[Cheese] Buttermilk
Peter Næslund Møller
peter at naeslund.dk
Sat Jul 7 07:42:49 EDT 2007
----- Original Message -----
From: "Jack Schmidling" <arf at mc.net>
To: "The Cheese Makers' Digest" <cheese at hbd.org>
Sent: Saturday, July 07, 2007 6:56 AM
Subject: Re: [Cheese] Buttermilk
> Corina wrote:
>
> > I make the buttermilk using milk that has been pasteurized but not
> > homogenized (I buy it raw and pasteurize it at 145 F for 30 mins).
>
> As far as I know, "cultured buttermilk" is made from skimmed milk, not
> whole milk.
Yes..
> Other than that, I see nothing wrong with your process.
>
> > I figure the culture just grows until it has
> > turned it all into buttermilk, so it takes longer for a bigger batch?
>
> I don't think so assuming you adjust the amount of starter. When the pH
> reaches 4.5, it is done. It is important not to disturb it until that
> point or it will/can separate.
Stirring in an unfinished batch of buttermilk slows the process down and makes the end product more liquid.. Taste etc. are not affected by this btw..

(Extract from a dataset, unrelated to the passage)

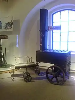 Molten-iron shells were easier to handle and somewhat more effective than the red-hot shot they replaced.[19] A cupola furnace for melting iron was installed on HMS Warrior.[20] The system was declared obsolete in 1869.[18]
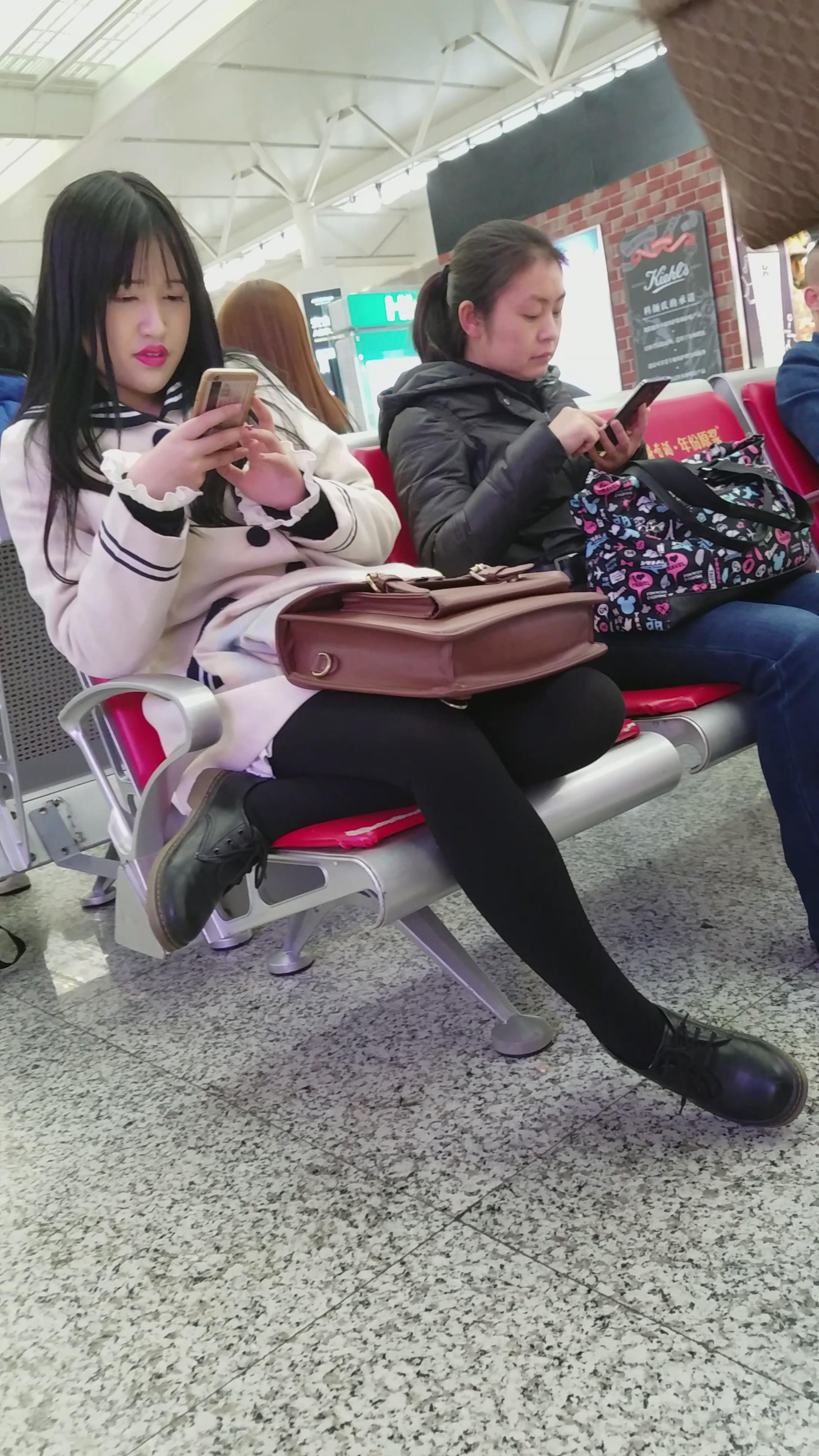 4k-高铁站候车室拍摄黑丝美腿甜美大嘴MM 编号3063

This was a common problem when I worked at the cheese factory ( quit my job a couple of weeks ago ).. People would innoculate a 5 ton batch of skimmed milk to make a cheese starterculture and forget to turn the agitator off.. It'd take almost twice as long before the new batch of starter was ready for use..
> It is also agitated after this to break it up into a buttermilk-like
> texture.
>
> This, of course, in not really buttermilk but what the dairy industry
> has decided we should like. It's a good way to get rid of a lot of
> skimmed milk.
Actually, here in Denmark the skimmed milk is not as big a problem as the cream.. At the cheese factory I worked at we processed ~3.500.000 litres of milk per week and sent ~50.000 litres of cream to a butter factory each week..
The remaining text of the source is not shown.